While recognition of police experience is welcomed, the problem is the new head of the Hawks has recently suffered a similar judicial evaluation of his integrity to that of Jiba. Judge Elias Matojane, in his judgement dealing with the suspension of Major General Shadrack Sibiya, referred in scathing terms to the evidence given by Ntlemeza.

Among other critical things, the judge said: “To further show that Ntlemeza is dishonest and lacks integrity and honour, he made false statements under oath.” The judge concluded that the general’s affidavit had been fabricated.

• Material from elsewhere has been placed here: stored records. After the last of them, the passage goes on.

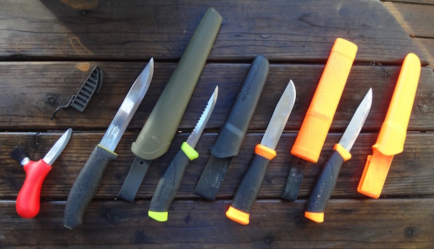 服部さんが北海道に携行したナイフ。右から「コンパニオン」「モーラ2000」「フィッシング コンフォート スケーラー」「748MG」「マッシュルームナイフ」
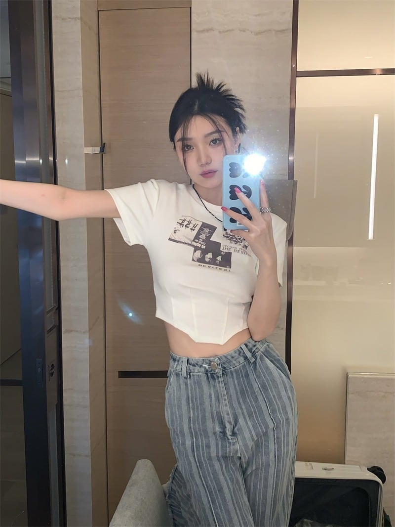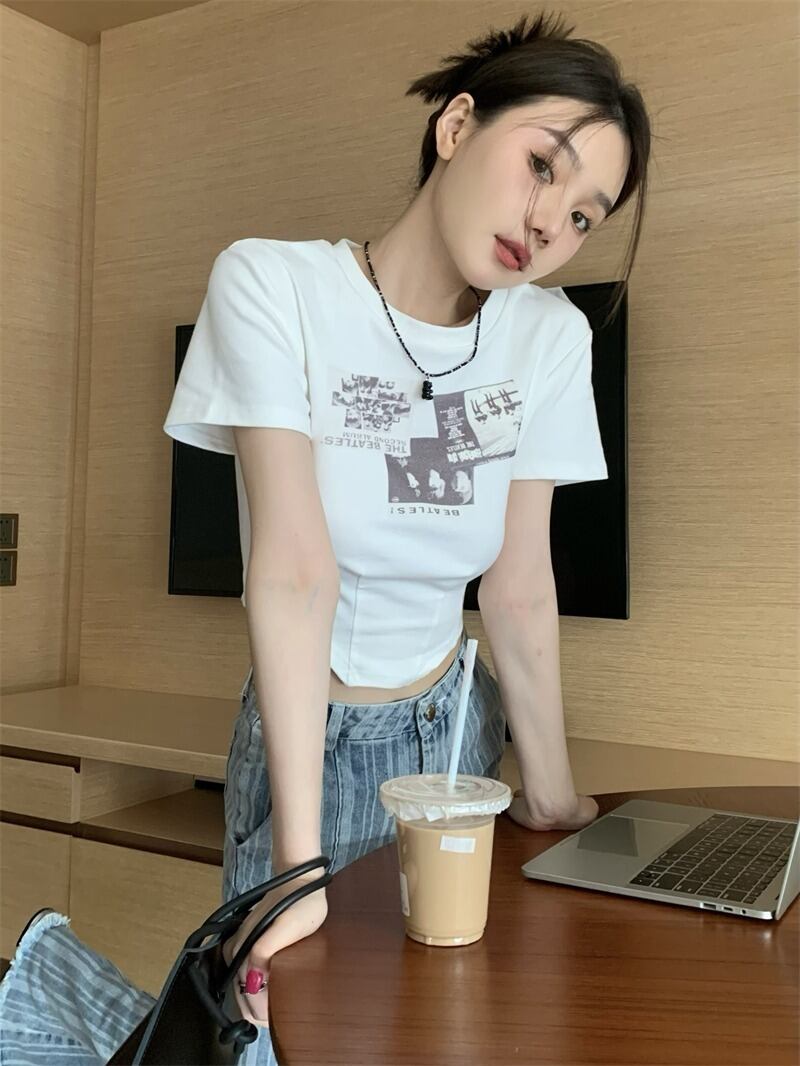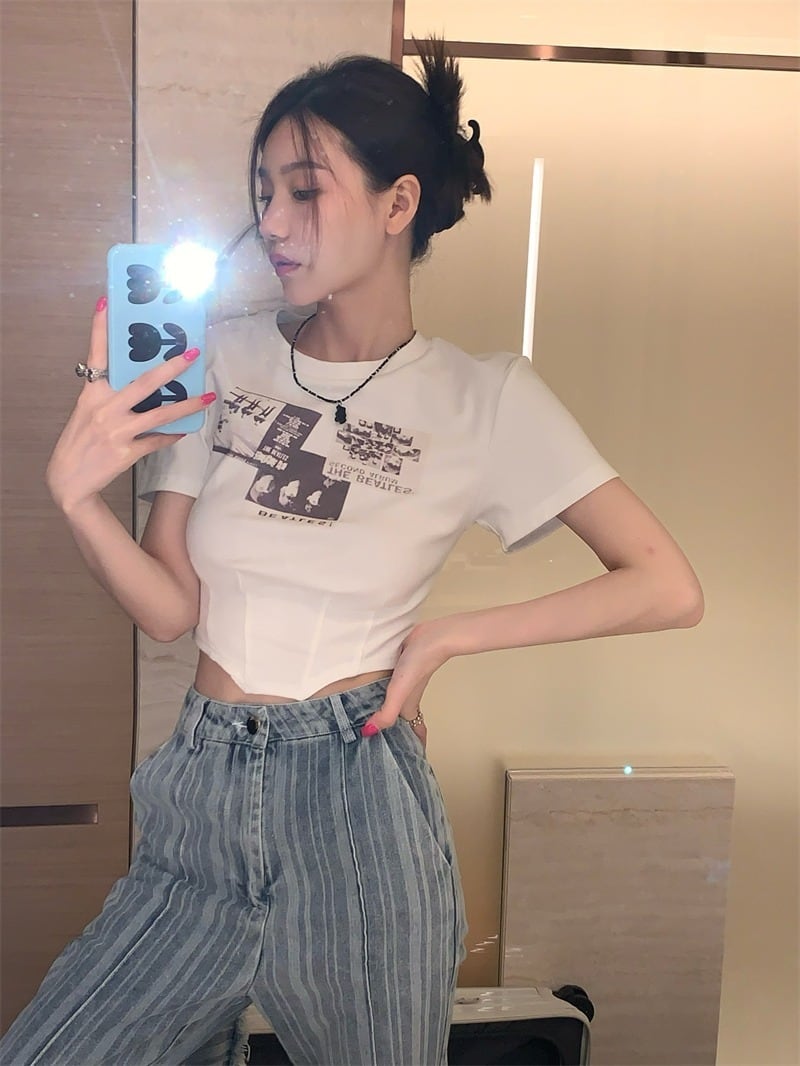 【韓国通販 dgo】レトロ プリント クロップドTシャツ ヴィンテージホワイト(W3539)トレンドアイテム
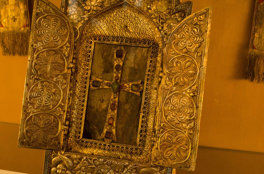 Volviendo a la catedral de Etchmiadzín, hay que decir que cuenta con un tesoro muy antiguo y muy interesante, en el que hay objetos de gran valor artístico y religioso. Algunas reliquias son de dudosa historicidad pero dan cuenta de la antigüedad de la iglesia armenia y su conexión con las primeras etapas del cristianismo. Dos de las más curiosas son la punta metálica de la lanza con la que Longinos alanceó a Jesús en el Calvario y una tabla supuestamente procedente nada menos que del arca de Noé (figura 4).
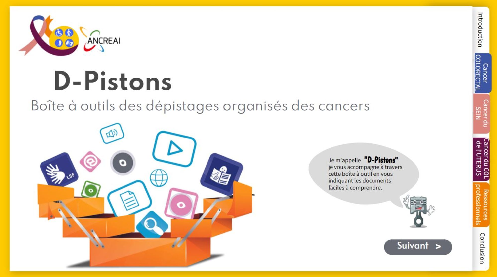 Cette boîte à outils a été élaborée dans le cadre d’un projet de recherche visant à mieux comprendre pourquoi les personnes en situation de handicap de plus de 50 ans participent deux fois moins aux programmes de dépistage organisé des cancers par rapport à la population générale. Elle s’adresse aux personnes en situation de handicap et leurs aidants, aux professionnels des établissements sanitaires et médico-sociaux (ESMS), aux professionnels de la santé et aux centres de coordination régionaux (CRCDC). Elle est divisée en plusieurs chapitres : après une introduction sont abordés le cancer colorectal, le cancer du sein, le cancer du col de l'utérus. Une partie est dédiée spécifiquement aux ressources avant la conclusion. Elle est entièrement en ligne ainsi que tous les supports proposés (vidéos, dépliants etc.)
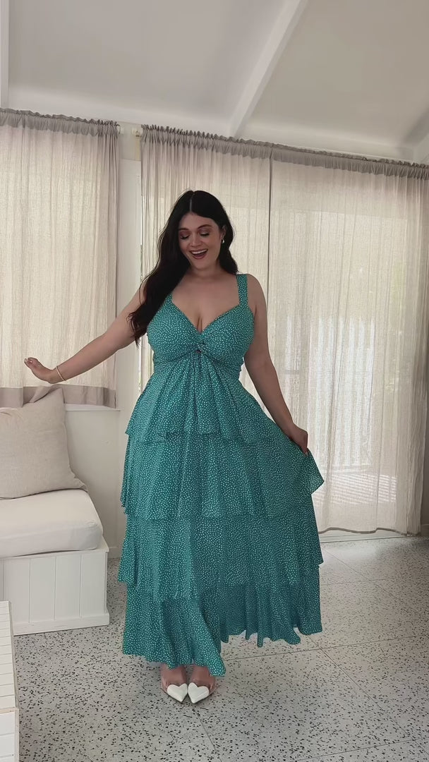 Cherika Maxi Dress - Turquoise Polka Dot

Expressed in lay terms, the judge was required to examine and evaluate the evidence that had been given in the case to arrive at a decision. He found that Ntlemeza had perjured himself. With this kind of reference, and in this case one given after due consideration by a highly respected judge, who has been deemed fit to now be elevated to an acting justice of the Constitutional Court, it is highly unlikely that a person described thus would be appointed to the position of assistant bank manager of the Kroonstad branch of a national bank. But Ntlemeza now holds not so modest a position. Rather he has been placed in charge of the very unit that is mandated to fight corruption in this country. One would have thought that any suggestion of a lack of probity or honour on the part of the candidate for so critical an office would be the end of the line.

However, Nhleko and Ntlemeza have assured the nation that these adverse remarks by Matojane were no more than comments, which may express an opinion but are hardly to be taken very seriously.

Nhleko has previously made odd comments about the judiciary but there is a very significant difference between the comments of a politician offered to the media and the evaluation of evidence by a judge after the application of his forensic training. At the very least, the head of the Hawks, which bring cases to the courts, should appreciate the significance of a judicial evaluation of evidence.

The rejection of the importance of a judicial finding on the credibility of a party in which a judge has found that statements given after due consideration, reduced to writing and signed after taking the prescribed oath is a very disturbing development.

It becomes even a greater cause for concern when an unsubstantiated rejection of a judicial finding (yes, minister and general, a finding, not a comment) is then used, in part, to justify an appointment to highest echelons of our criminal justice system.

Recently, the president and senior members of the executive met their equally senior judicial counterparts to discuss criticisms of the judiciary by members of the executive and the ruling party. From the press statements that were generated after the meeting, it appeared to be agreed that both arms of the state would afford the other respect and accord each other deference for the decisions that each institution makes in terms of their demarcated role under the doctrine of separation of powers.

In the light of this latest attempt to diminish the judicial role by relegating a judicial finding to a mere off-the-cuff comment, the public is entitled to be concerned about the success of that meeting. At the very least, Nhleko should have waited to determine whether the finding would be successfully appealed. But, as it stands, it appears that judges are regarded as no more than mere commentators.